We come along and find it and within a short time things have been plundered 

It doesn't matter how secret you keep a location, I have had nearly 20 messages via DP and other forums asking for the location and have refused them all, but there are always clues, and the internet and research, and eventually somebody strikes lucky.

So are we right or wrong? We label ourselves as photographic historians, documenting the past, and I suppose that we are, but are we not also contributing to the demise of these relics too?


----------



## Ninja Kitten (Apr 1, 2012)

lovely report P7 and great photos..love the iron shot...SK did the house work in that kitchen and it looks rather rearanged now! he made it look so lovely too.!


----------



## alex76 (Apr 1, 2012)

nelly said:


> Nice stuff P7, really sad to hear that the site has suffered some "Gone-age"
> 
> I do struggle sometimes about what to do morally, this house has been untouched for what? 25-30 years?
> 
> ...



Very true mate just hope none of its relics end up on flee bay


----------



## highcannons (Apr 1, 2012)

nelly said:


> eventually somebody strikes lucky.So are we right or wrong? We label ourselves as photographic historians, documenting the past, and I suppose that we are, but are we not also contributing to the demise of these relics too?



One of my passtimes (saddo) if I am really bored is to research to death some site or other to see if I can figure out where it is. Just a research thing and the information isn't passed on except f it was really easy then I tell the person who posted it so maybe they can change something. Ok, if we post it probably will get stripped, but at least it is documented. One could even say that by ending up on flea bay the stuff is saved........but, if we did nothing then we are robbing others of some wisdom of knowledge and the stuff may still end up on flea bay or rot into the ground. 

The issue of interfering with somebodies stuff and somehow their memory is awkward, it's easier if it is distant. I feel nothing mostly when I explore. But, near me was a old place and I knew the people. I could have photographed and posted when they died but couldn't bring myself to do it.........
HC


----------



## st33ly (Apr 1, 2012)

Nice Report. Looks an interesting place.


----------



## Urban Ghost (Apr 1, 2012)

Its a 50-50 thing though, yes, things are being take but at the same time soon this place will meet its fate and the bulldozers will move in, at least it has been documented.

Personally I thing anyone who uses urbex as a cover for being a thieving scroat should be shot. There is NO EXCUSE. I go for the love of getting to see these amazing places and things, not to profit from it.


----------



## freebird (Apr 1, 2012)

Wow some great pics of this lovely place. So sad to hear that it has suffered the curse of being found and plundered. Its sad that no matter how secretive we are about these places they always end up ruined.


----------



## UrbanX (Apr 2, 2012)

Oi How'd you find it!! Took me bloody hours! 
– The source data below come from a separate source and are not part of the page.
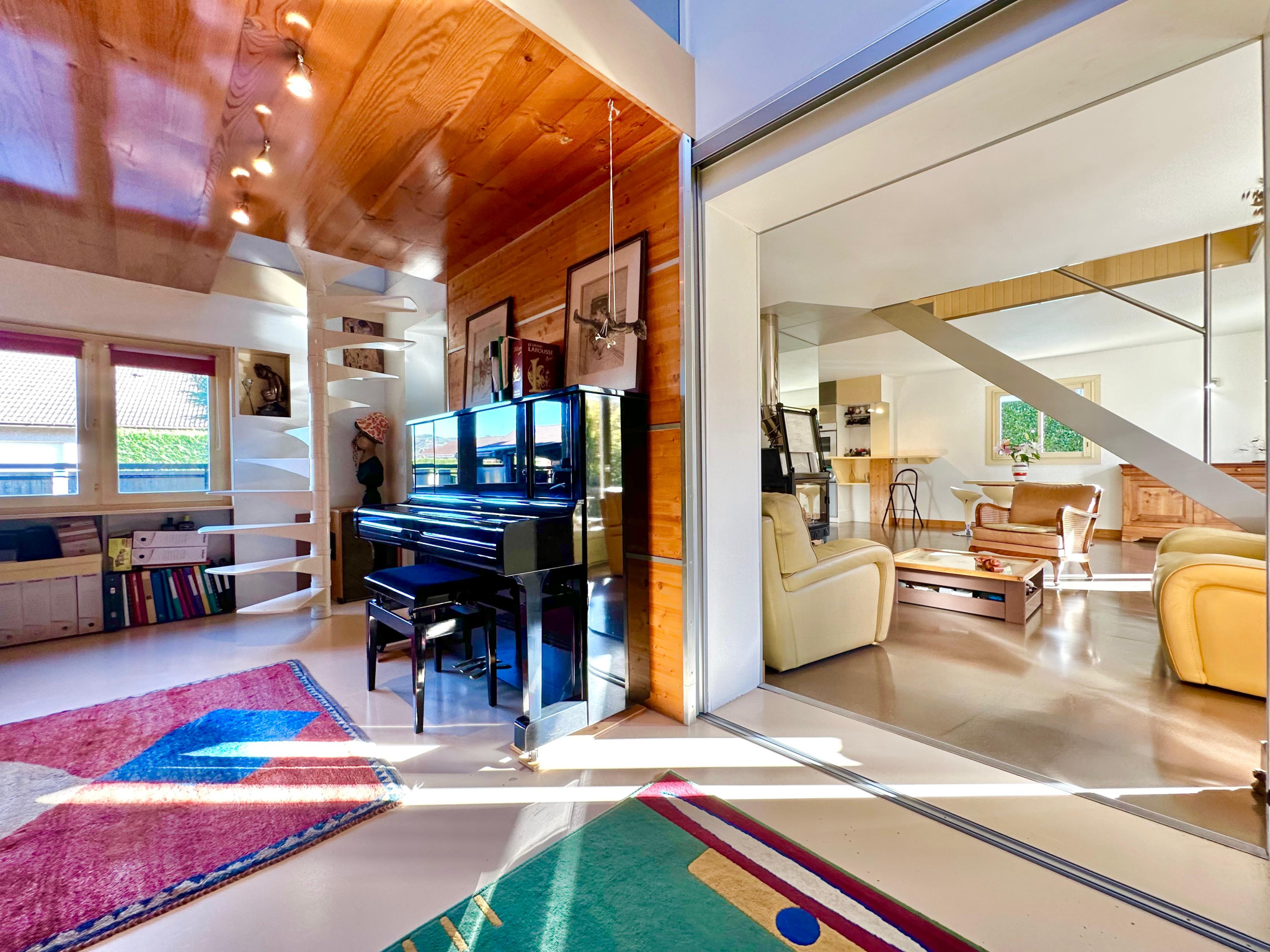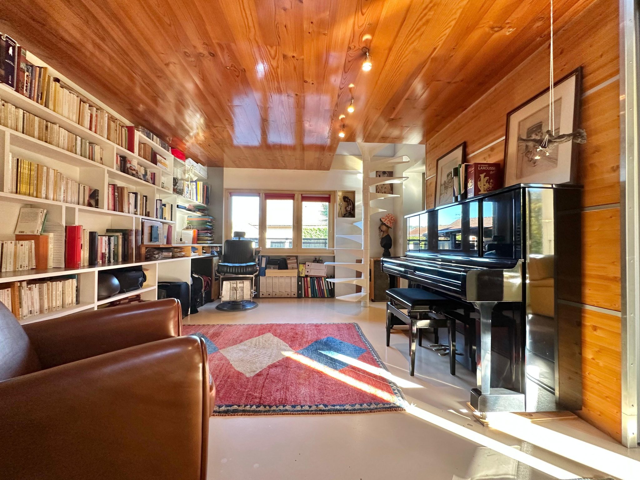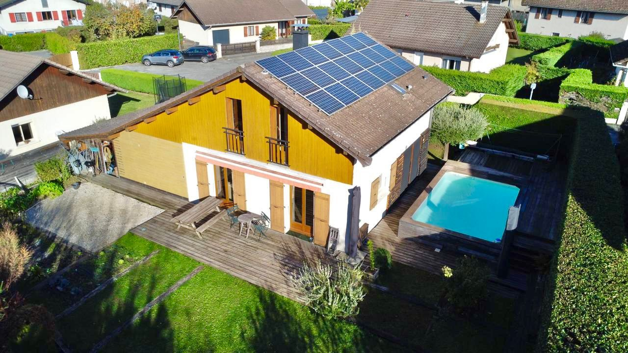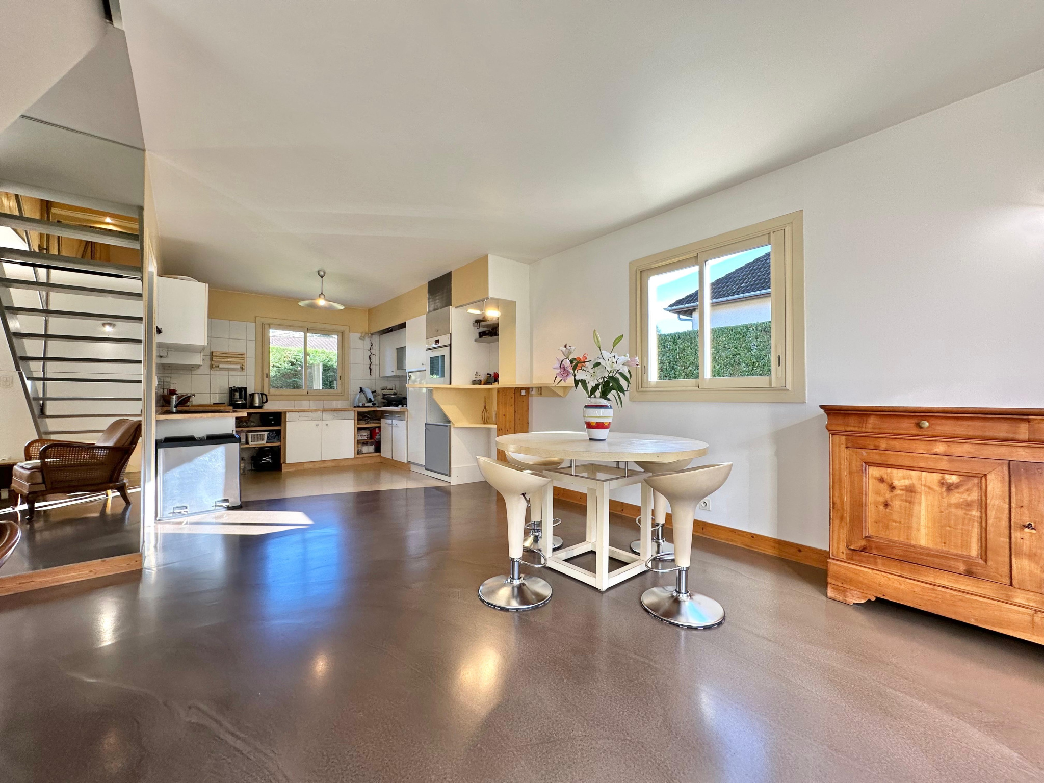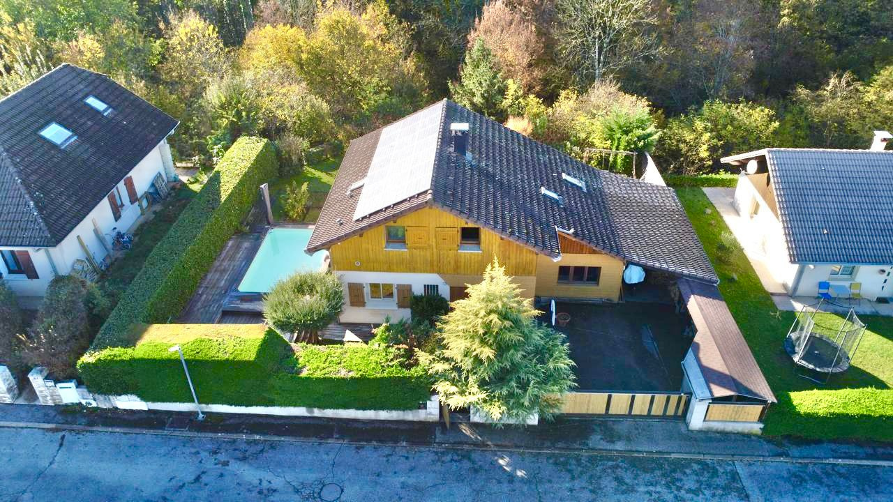 Située dans un quartier résidentiel recherché de Rumilly (74150), cette maison d’architecte séduit par son environnement verdoyant, son architecture atypique et son confort moderne.
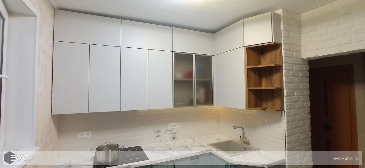 Кухни все изготавливаются по индивидуальному заказу. Мы подготовим дизайн-проект под любое помещение и конфигурацию. В зависимости от выбранных фасадов сможем изготовить нестандартные модули и размеры. Однако есть редкие исключения видов фасадов, по которым невозможны нестандарты, об этом вас предупредит дизайнер при выборе материалов для проекта.
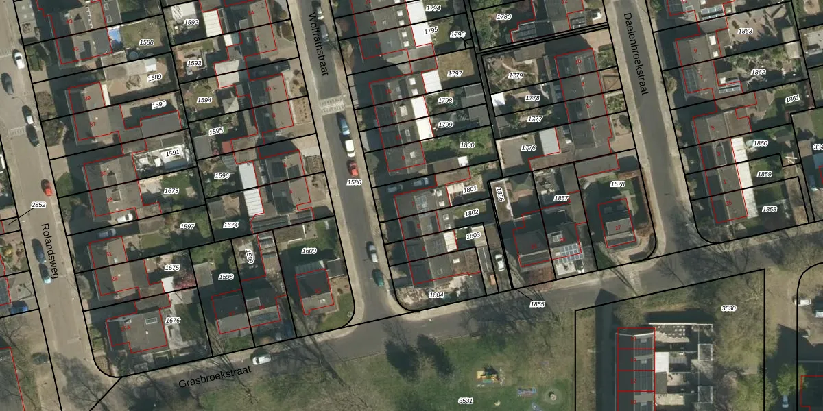 Gebruik de zoekbalk of klik op een perceel voor informatie over de adressen binnen dit perceel.
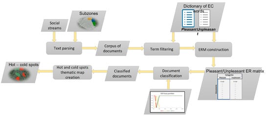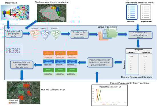 In the preprocessing phase, the partitioning of the study area in subzones is performed; the analyzed period is partitioned in T time frames, and the pleasant and unpleasant ER fuzzy partition is created. After classifying each document, the number of related documents classified with pleasant/unpleasant emotion relevance greater than or equal to the threshold value Ȓ is calculated for each subzone. If this number is equal to the number of time frames T, then the subzone is labeled as a cold or hot spot. Finally, the hot and cold spots thematic map is created.
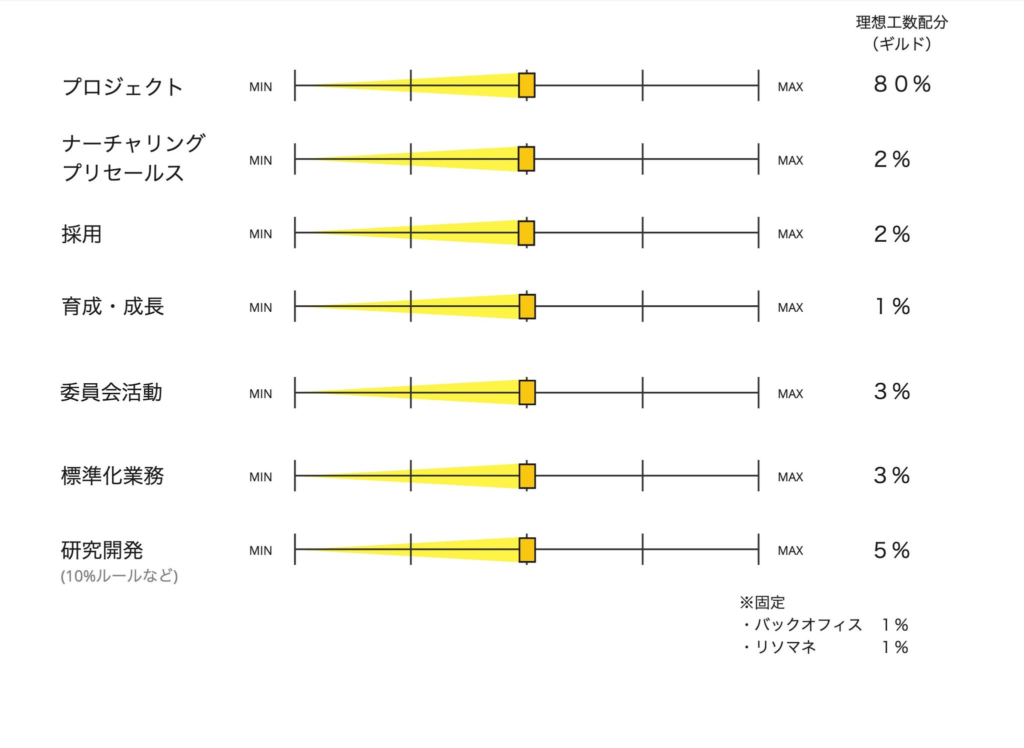 理想工数配分の%部分は目安として、特定の間接業務に力を入れたい場合など、間接ウェイトの微調整はギルドごとに実施いただければと思います
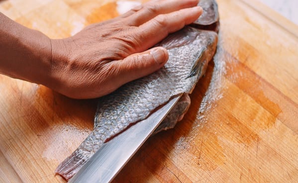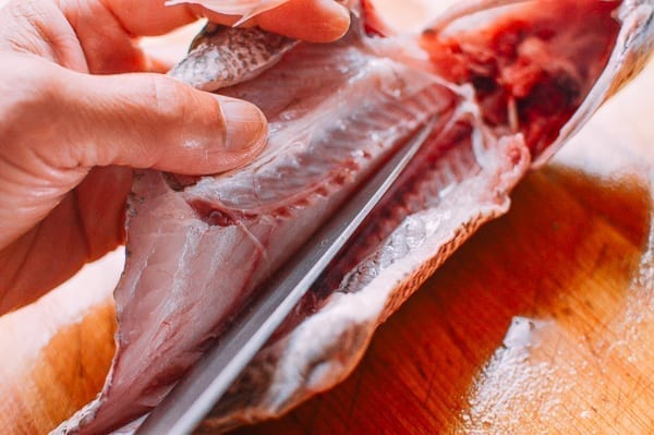 Сначала подготовьте рыбу. Выпотрошите её, обрежьте острые плавники, жабры и удалите чешую. При помощи ножа удалите крупные участки кровеносной системы (красного цвета) с внутренней полости рыбы.
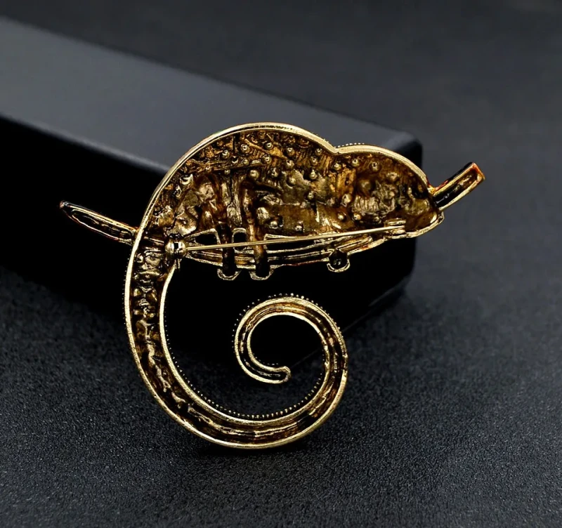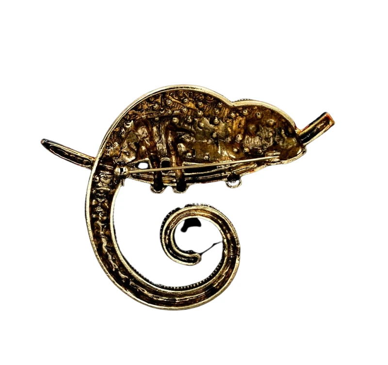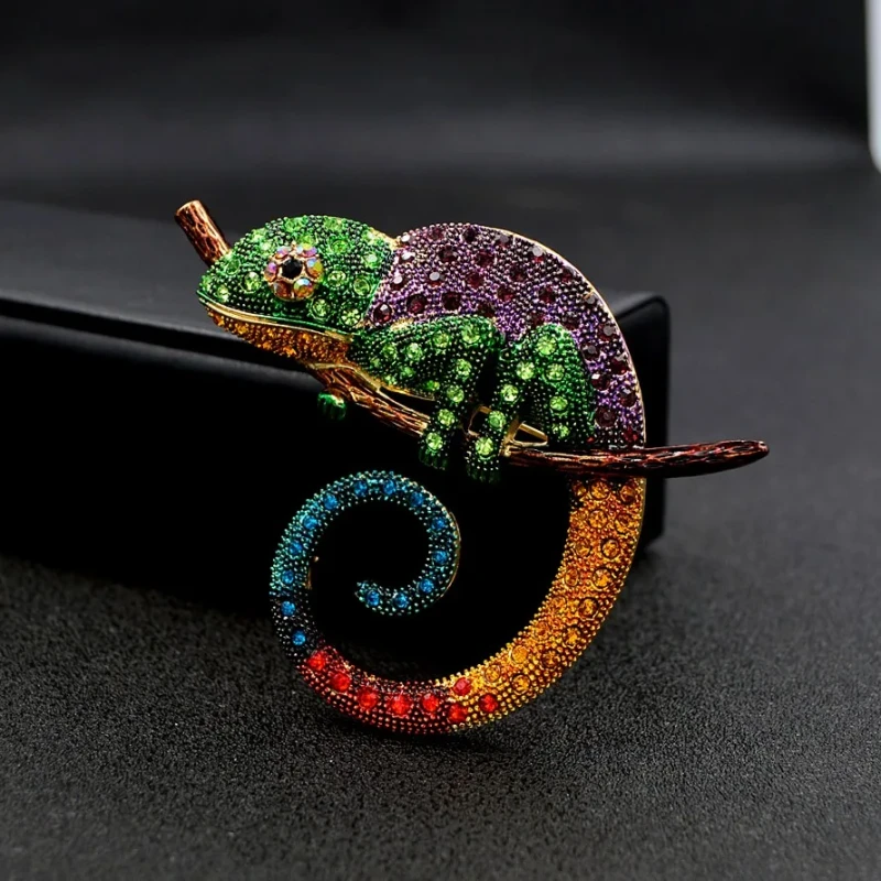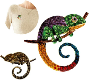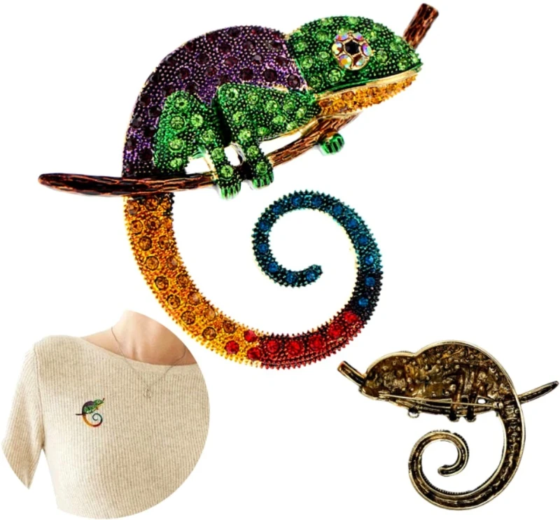 Ši elegantiška chameleono sagė, dekoruota cirkoniais, yra puikus aksesuaras, kuris suteiks jūsų aprangai išskirtinumo. Ji puikiai tinka dėvėti ant suknelės, švarko, kepurės, krepšio ar palto.
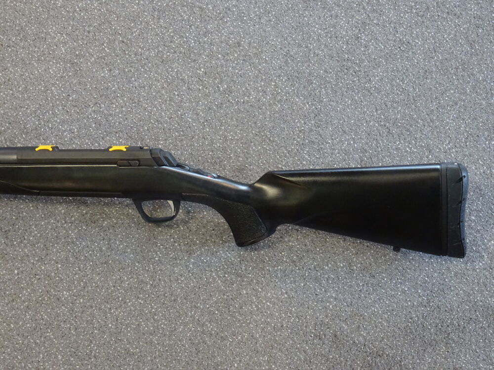 Die X-Bolt Composite Black kommt mit einem sechseckigen Kammergriff (optional wechselbar). Zusätzlich ist der Lauf mit einem M14x1 Mündungsgewinde ausgestattet für die einfache Montage von Schalldämpfern oder Mündungsbremsen, Das Gewinde ist durch eine glatte, laufbündige Abdeckung geschützt. Die Büchse wird mit einer zusätzlichen 7mm Zwischenlage geliefert für den bestmöglichen Anschlag und eine reduzierte Rückstoßwirkung.
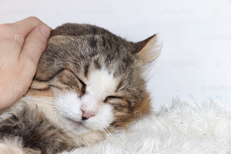 Крупный план спящего кота на мужской руке, уютный дворовой кот нашел свой дом, концепция дружбы и любви к домашним животным, избирательный фокус
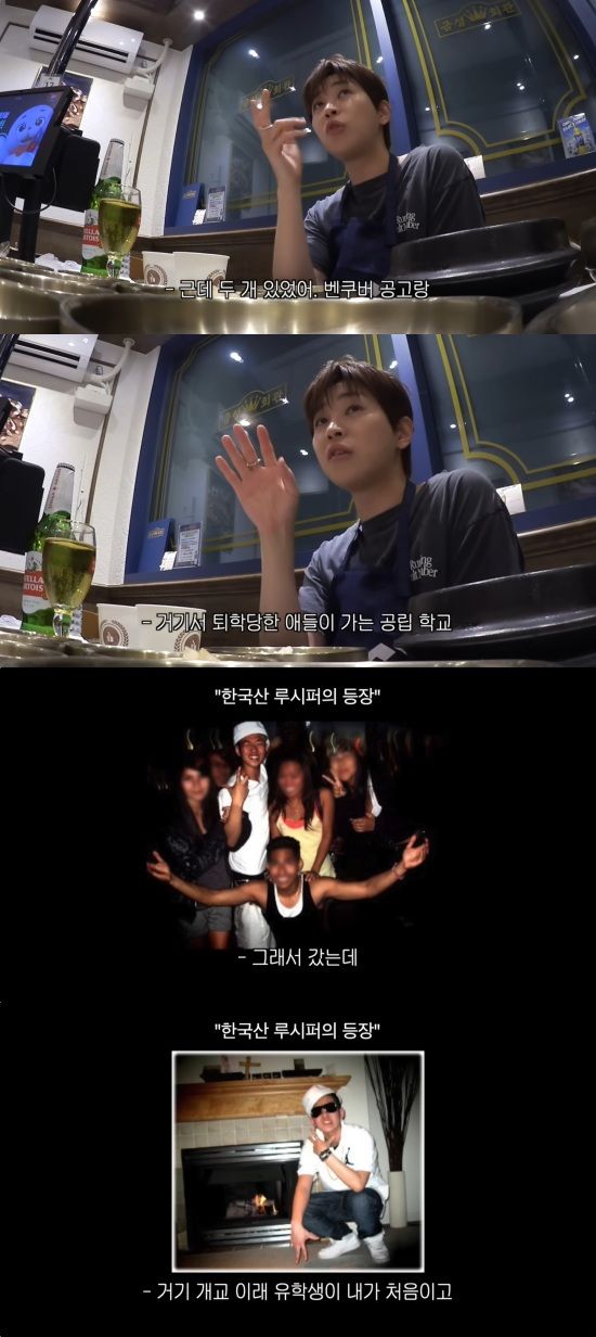 그는 "근데 한국 성적이 안 되다보니까 받아주는 학교가 없었다. 그나마 두 개가 있었는데, 하나는 벤쿠버 공고였고, 다른 하나는 거기서 퇴학당한 애들이 가는 공립학교였다"고 설명해 웃음을 줬다.
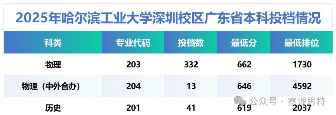 哈爾濱工業(yè)大學(xué)(深圳)在物理類投檔中表現(xiàn)尤為突出,以662分的投檔最低分和1730的全省最低排位位居深圳高校榜首,同時(shí)也是全省物理類投檔分?jǐn)?shù)最高的院校。歷史類投檔最低分619分,排位為2037,展現(xiàn)了其文理均衡的強(qiáng)勁實(shí)力。

Bugger me tho, that's some damn fine photograpy! Ace mix of wide angle and prime, just awesome! 



nelly said:


> Nice stuff P7, really sad to hear that the site has suffered some "Gone-age"
> 
> I do struggle sometimes about what to do morally, this house has been untouched for what? 25-30 years?
> 
> ...



Exactly this. 

I know sites I've mentioned the name of and they've been torched within the week. co-incidence? I like to think so, but not sure. 

On the flipside, I put a report on here with just an initial 'M' for the location - Nelly put the full name up elsewhere on t'interweb, completely understandable, and got a torrent of abuse from the tennant within days: 

So do we not tell tell each other ANYTHING? Have fake names for EVERY site? That seems a pointless community. 

Such a big divide. 

MoD store is identical situation too, despite saying I wouldn't give location out I had X amount of emails... "where is MoD elec site?" Luckily I'd prepared a two word reply template...


----------



## Priority 7 (Apr 2, 2012)

I am with Nelly on this one it is so sad to see these little treasure troves plundered. That said they would be plundered even if we didnt find them and I take some solace from the fact many of them get recorded before they are truly plundered. UrbanX don't worry it took me ages and a a little help from OMJ...before I finally realised I had found it 4 or 5 times but just not seen it


----------



## UE-OMJ (Apr 2, 2012)

...and to be fair, this place isnt being stripped, I only noticed ONE item missing on my last visit, everything else was as it was previously.

...and yes it may have stood for 25-30 years with nothing going missing, but I bet there wasnt a sodding great big hole in the wall for all those years  It's not all our fault. 

It may even be that the owner have realised that planning permission has been granted and it may be pulled down and are removing items themselves. Who really knows.


----------



## kellisurbex (Apr 2, 2012)

great pics, would love to visit myelf sometime


----------



## Stussy (Apr 2, 2012)

Place is such a rarity nowadays, shame other delinquents can't share the same appreciation! Excellent report!


----------